» **Source material**:
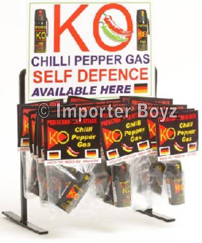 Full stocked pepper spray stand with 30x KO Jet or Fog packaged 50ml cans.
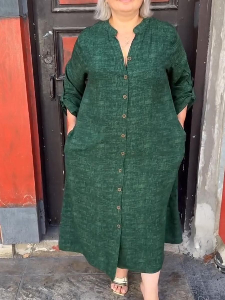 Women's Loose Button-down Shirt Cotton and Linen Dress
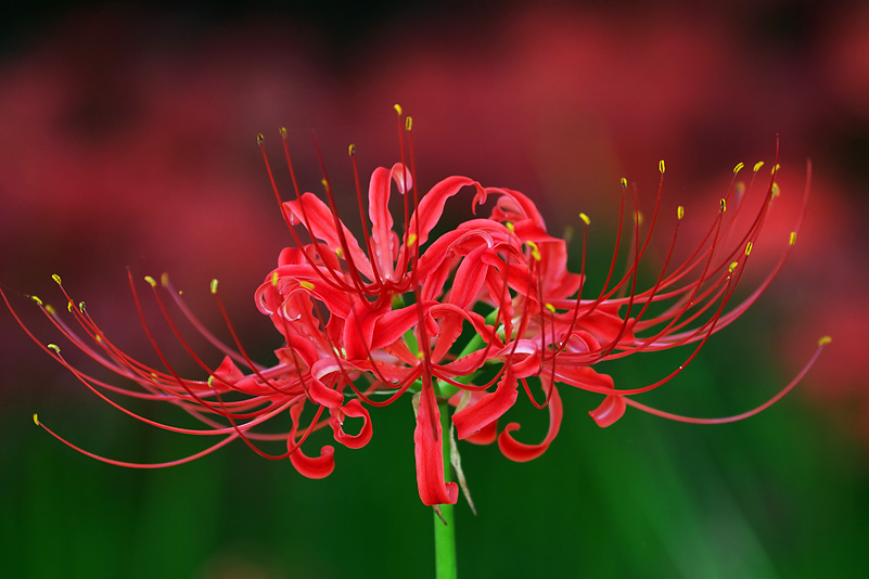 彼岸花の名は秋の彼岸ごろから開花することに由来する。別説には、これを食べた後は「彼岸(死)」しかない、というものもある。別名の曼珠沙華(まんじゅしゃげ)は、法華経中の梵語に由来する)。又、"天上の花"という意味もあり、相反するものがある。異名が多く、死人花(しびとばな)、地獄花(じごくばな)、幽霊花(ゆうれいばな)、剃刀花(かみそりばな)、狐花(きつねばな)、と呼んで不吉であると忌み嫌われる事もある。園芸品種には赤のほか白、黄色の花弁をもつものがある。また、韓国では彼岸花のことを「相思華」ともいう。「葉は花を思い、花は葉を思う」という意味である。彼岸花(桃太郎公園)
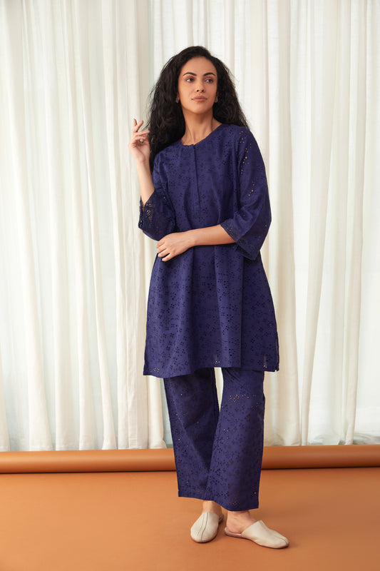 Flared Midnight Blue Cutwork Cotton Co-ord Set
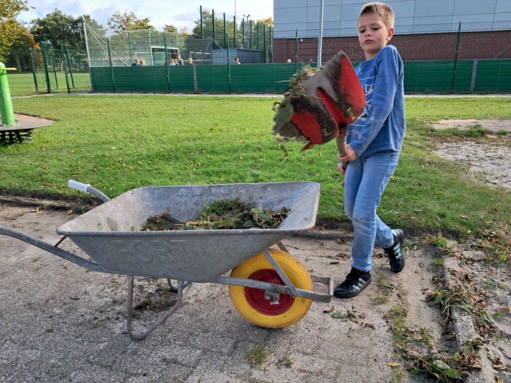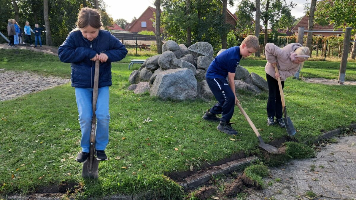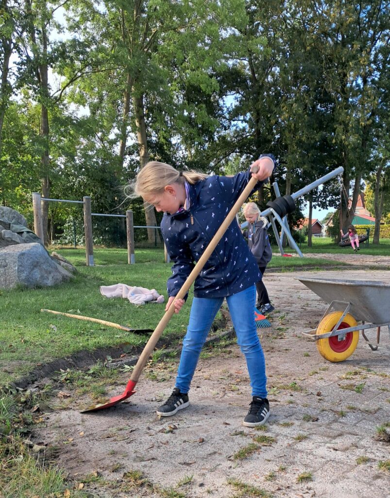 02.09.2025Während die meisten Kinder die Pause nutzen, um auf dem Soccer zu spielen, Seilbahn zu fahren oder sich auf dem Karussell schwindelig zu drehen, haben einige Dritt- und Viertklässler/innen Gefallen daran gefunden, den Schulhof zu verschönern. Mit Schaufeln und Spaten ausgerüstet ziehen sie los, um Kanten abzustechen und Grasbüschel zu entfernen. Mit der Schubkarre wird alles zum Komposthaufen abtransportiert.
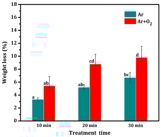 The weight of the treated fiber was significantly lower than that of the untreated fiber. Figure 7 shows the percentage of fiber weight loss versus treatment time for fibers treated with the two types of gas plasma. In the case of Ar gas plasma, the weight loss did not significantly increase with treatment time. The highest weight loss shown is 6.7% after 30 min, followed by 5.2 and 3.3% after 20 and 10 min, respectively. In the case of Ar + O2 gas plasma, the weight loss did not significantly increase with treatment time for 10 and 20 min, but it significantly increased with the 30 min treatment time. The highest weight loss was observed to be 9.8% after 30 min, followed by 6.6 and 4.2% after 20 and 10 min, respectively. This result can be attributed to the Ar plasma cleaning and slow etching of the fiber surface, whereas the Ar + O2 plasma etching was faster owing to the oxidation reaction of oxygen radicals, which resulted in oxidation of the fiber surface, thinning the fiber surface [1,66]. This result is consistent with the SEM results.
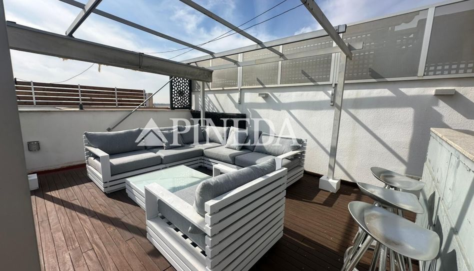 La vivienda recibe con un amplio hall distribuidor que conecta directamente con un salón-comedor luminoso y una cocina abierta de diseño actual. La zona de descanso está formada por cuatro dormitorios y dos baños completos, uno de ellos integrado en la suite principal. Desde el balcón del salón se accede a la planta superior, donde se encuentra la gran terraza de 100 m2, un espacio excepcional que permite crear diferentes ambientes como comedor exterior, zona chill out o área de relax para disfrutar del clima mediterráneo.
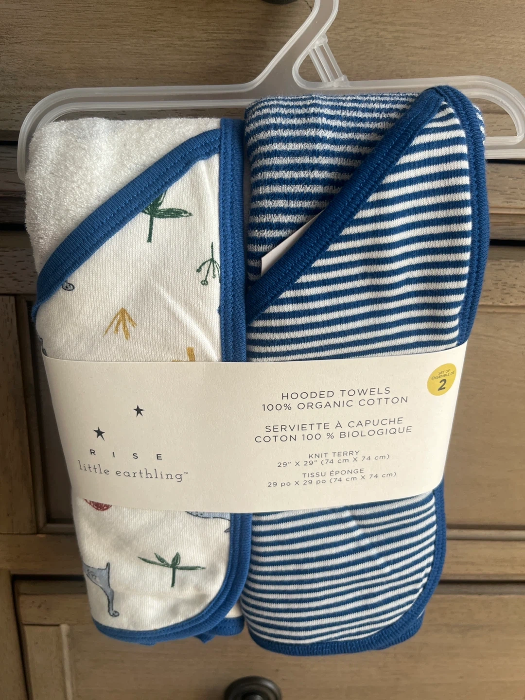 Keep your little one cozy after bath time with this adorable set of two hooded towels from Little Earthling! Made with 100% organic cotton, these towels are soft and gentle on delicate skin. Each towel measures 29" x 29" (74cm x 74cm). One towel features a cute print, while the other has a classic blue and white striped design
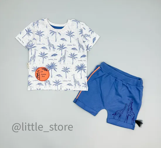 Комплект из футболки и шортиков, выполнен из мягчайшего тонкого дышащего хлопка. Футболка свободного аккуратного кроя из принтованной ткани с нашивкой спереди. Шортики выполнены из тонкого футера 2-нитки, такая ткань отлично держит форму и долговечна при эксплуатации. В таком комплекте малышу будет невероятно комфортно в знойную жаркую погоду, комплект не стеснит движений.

» **What the task asks**: What I need is every record written out exactly, minus the pictures.

» **Expected output**:
 Full stocked pepper spray stand with 30x KO Jet or Fog packaged 50ml cans.
 Women's Loose Button-down Shirt Cotton and Linen Dress
 彼岸花の名は秋の彼岸ごろから開花することに由来する。別説には、これを食べた後は「彼岸(死)」しかない、というものもある。別名の曼珠沙華(まんじゅしゃげ)は、法華経中の梵語に由来する)。又、"天上の花"という意味もあり、相反するものがある。異名が多く、死人花(しびとばな)、地獄花(じごくばな)、幽霊花(ゆうれいばな)、剃刀花(かみそりばな)、狐花(きつねばな)、と呼んで不吉であると忌み嫌われる事もある。園芸品種には赤のほか白、黄色の花弁をもつものがある。また、韓国では彼岸花のことを「相思華」ともいう。「葉は花を思い、花は葉を思う」という意味である。彼岸花(桃太郎公園)
 Flared Midnight Blue Cutwork Cotton Co-ord Set
 02.09.2025Während die meisten Kinder die Pause nutzen, um auf dem Soccer zu spielen, Seilbahn zu fahren oder sich auf dem Karussell schwindelig zu drehen, haben einige Dritt- und Viertklässler/innen Gefallen daran gefunden, den Schulhof zu verschönern. Mit Schaufeln und Spaten ausgerüstet ziehen sie los, um Kanten abzustechen und Grasbüschel zu entfernen. Mit der Schubkarre wird alles zum Komposthaufen abtransportiert.
 The weight of the treated fiber was significantly lower than that of the untreated fiber. Figure 7 shows the percentage of fiber weight loss versus treatment time for fibers treated with the two types of gas plasma. In the case of Ar gas plasma, the weight loss did not significantly increase with treatment time. The highest weight loss shown is 6.7% after 30 min, followed by 5.2 and 3.3% after 20 and 10 min, respectively. In the case of Ar + O2 gas plasma, the weight loss did not significantly increase with treatment time for 10 and 20 min, but it significantly increased with the 30 min treatment time. The highest weight loss was observed to be 9.8% after 30 min, followed by 6.6 and 4.2% after 20 and 10 min, respectively. This result can be attributed to the Ar plasma cleaning and slow etching of the fiber surface, whereas the Ar + O2 plasma etching was faster owing to the oxidation reaction of oxygen radicals, which resulted in oxidation of the fiber surface, thinning the fiber surface [1,66]. This result is consistent with the SEM results.
 La vivienda recibe con un amplio hall distribuidor que conecta directamente con un salón-comedor luminoso y una cocina abierta de diseño actual. La zona de descanso está formada por cuatro dormitorios y dos baños completos, uno de ellos integrado en la suite principal. Desde el balcón del salón se accede a la planta superior, donde se encuentra la gran terraza de 100 m2, un espacio excepcional que permite crear diferentes ambientes como comedor exterior, zona chill out o área de relax para disfrutar del clima mediterráneo.
 Keep your little one cozy after bath time with this adorable set of two hooded towels from Little Earthling! Made with 100% organic cotton, these towels are soft and gentle on delicate skin. Each towel measures 29" x 29" (74cm x 74cm). One towel features a cute print, while the other has a classic blue and white striped design
 Комплект из футболки и шортиков, выполнен из мягчайшего тонкого дышащего хлопка. Футболка свободного аккуратного кроя из принтованной ткани с нашивкой спереди. Шортики выполнены из тонкого футера 2-нитки, такая ткань отлично держит форму и долговечна при эксплуатации. В таком комплекте малышу будет невероятно комфортно в знойную жаркую погоду, комплект не стеснит движений.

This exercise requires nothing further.